_GIVEN INFORMATION:_
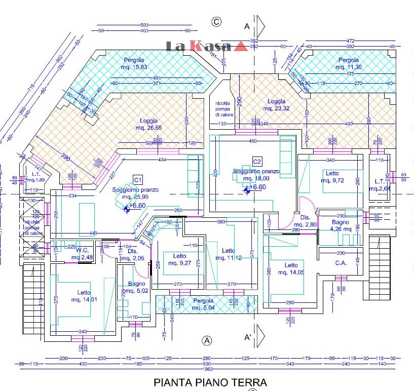 Die Loggia und Pergola von 40 qm schenken einen überdachten Außenbereich, perfekt für Mittag- und Abendessen oder einfach für entspannte Momente. Das helle und einladende Wohnzimmer öffnet sich in einen geselligen Raum, der zum Herzstück des Hauses wird.
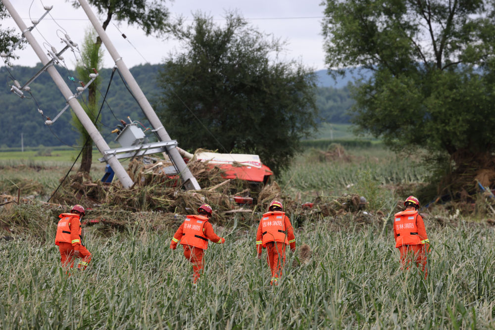 8月6日,吉林省吉林市消防救援支隊的消防救援人員在舒蘭市開(kāi)原鎮受災村莊進(jìn)行搜救。新華社記者 顏麟蘊 攝
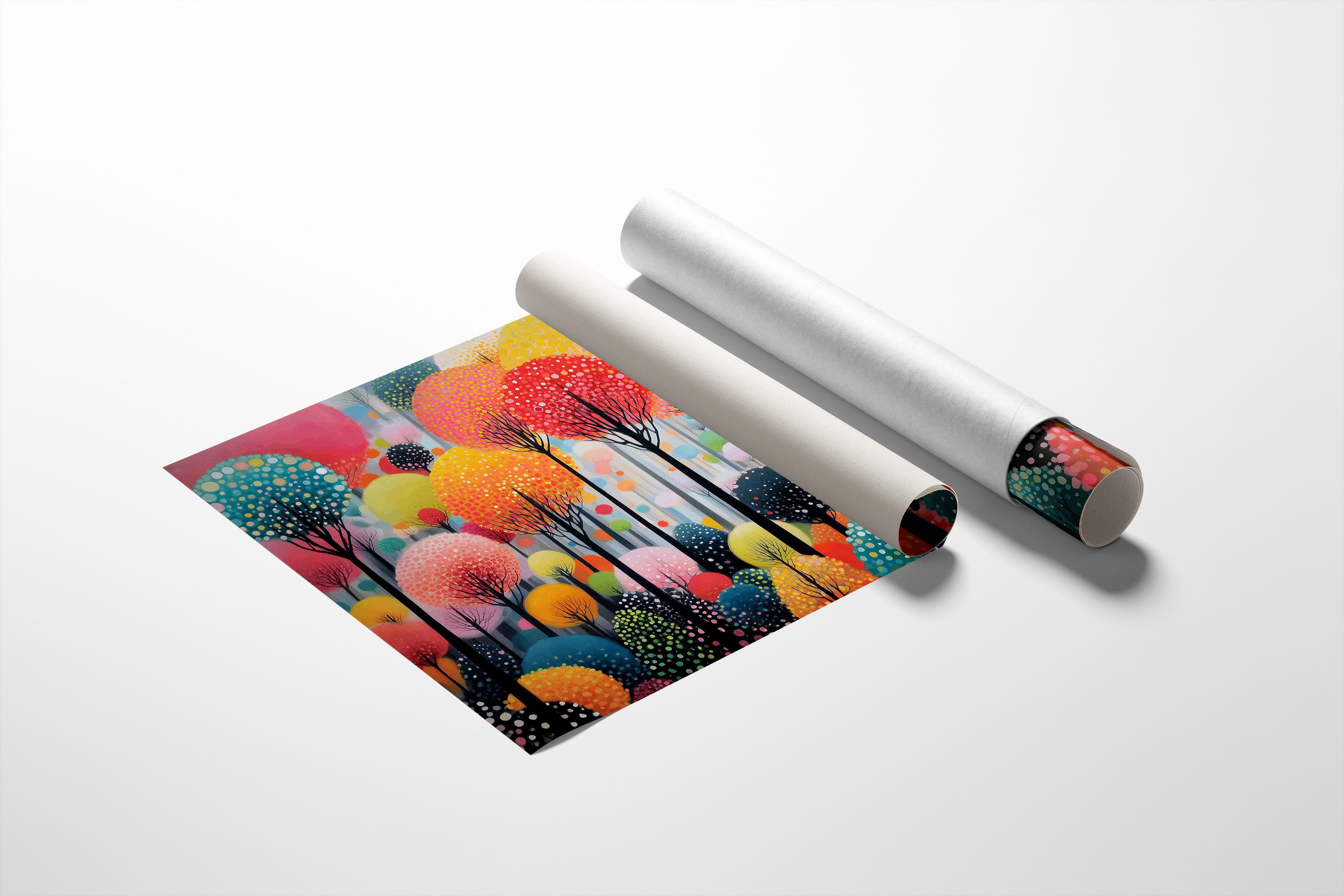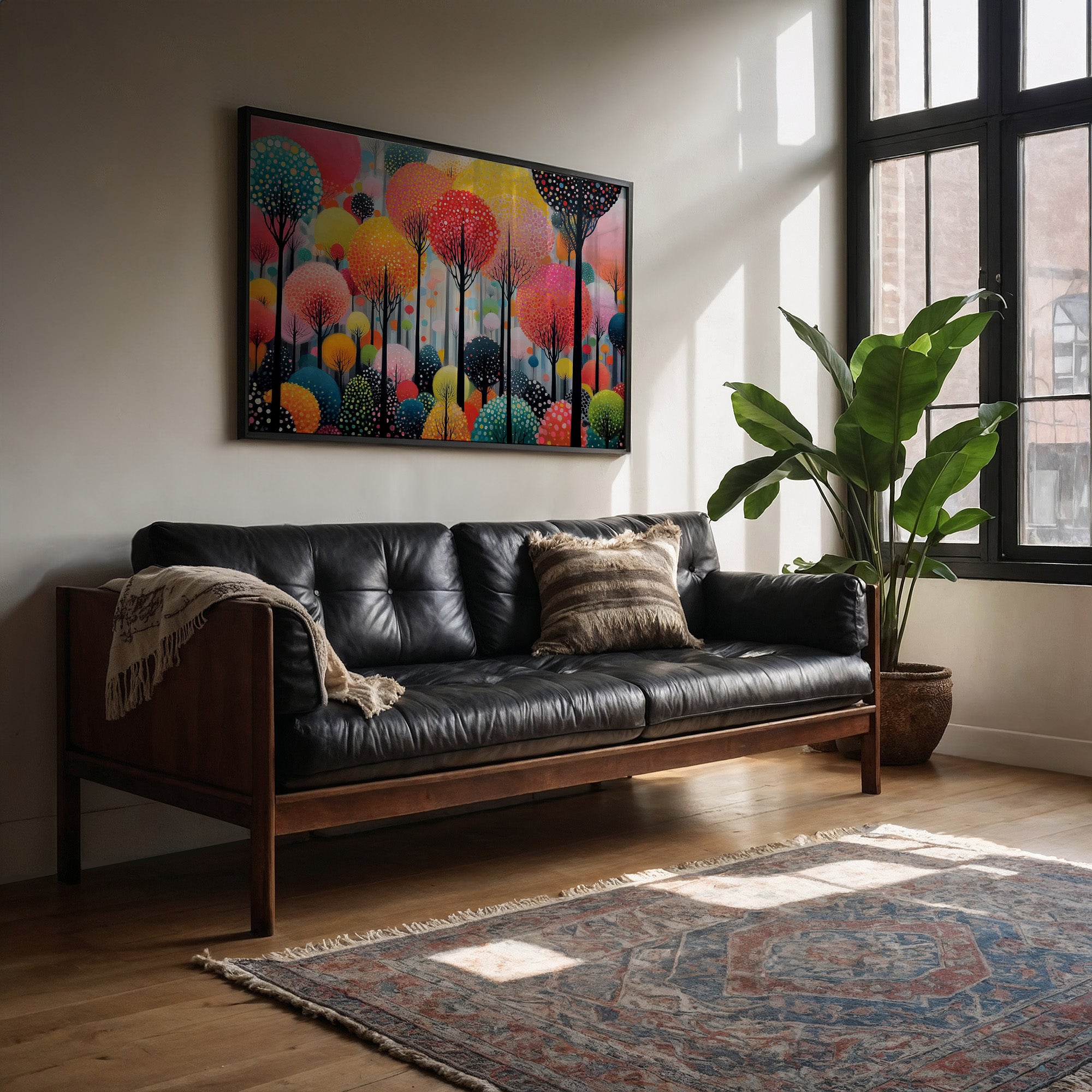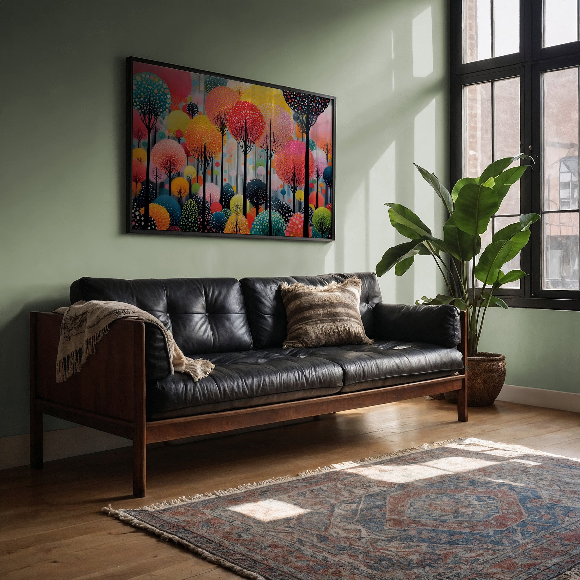 Golden afternoon light streams across a corduroy couch, casting delicate plant shadows that dance along cream walls. A whimsical forest scene bursts with vibrant coral, turquoise, and sunshine yellow hues, each tree crown dotted with starlike spots that create a magical woodland rhythm. The contemporary illustration transforms familiar forest elements into a candy-colored dreamscape, where reality and fantasy merge in a celebration of color and pattern. This piece would bring a perfect pop of joy to a reading nook, child's room, or any space seeking a touch of enchanted optimism.

_WHAT IS EXPECTED:_ All of the lines above should be copied exactly, apart from the pictures.

_PROBLEM SOLUTION:_
 Die Loggia und Pergola von 40 qm schenken einen überdachten Außenbereich, perfekt für Mittag- und Abendessen oder einfach für entspannte Momente. Das helle und einladende Wohnzimmer öffnet sich in einen geselligen Raum, der zum Herzstück des Hauses wird.
 8月6日,吉林省吉林市消防救援支隊的消防救援人員在舒蘭市開(kāi)原鎮受災村莊進(jìn)行搜救。新華社記者 顏麟蘊 攝
 Golden afternoon light streams across a corduroy couch, casting delicate plant shadows that dance along cream walls. A whimsical forest scene bursts with vibrant coral, turquoise, and sunshine yellow hues, each tree crown dotted with starlike spots that create a magical woodland rhythm. The contemporary illustration transforms familiar forest elements into a candy-colored dreamscape, where reality and fantasy merge in a celebration of color and pattern. This piece would bring a perfect pop of joy to a reading nook, child's room, or any space seeking a touch of enchanted optimism.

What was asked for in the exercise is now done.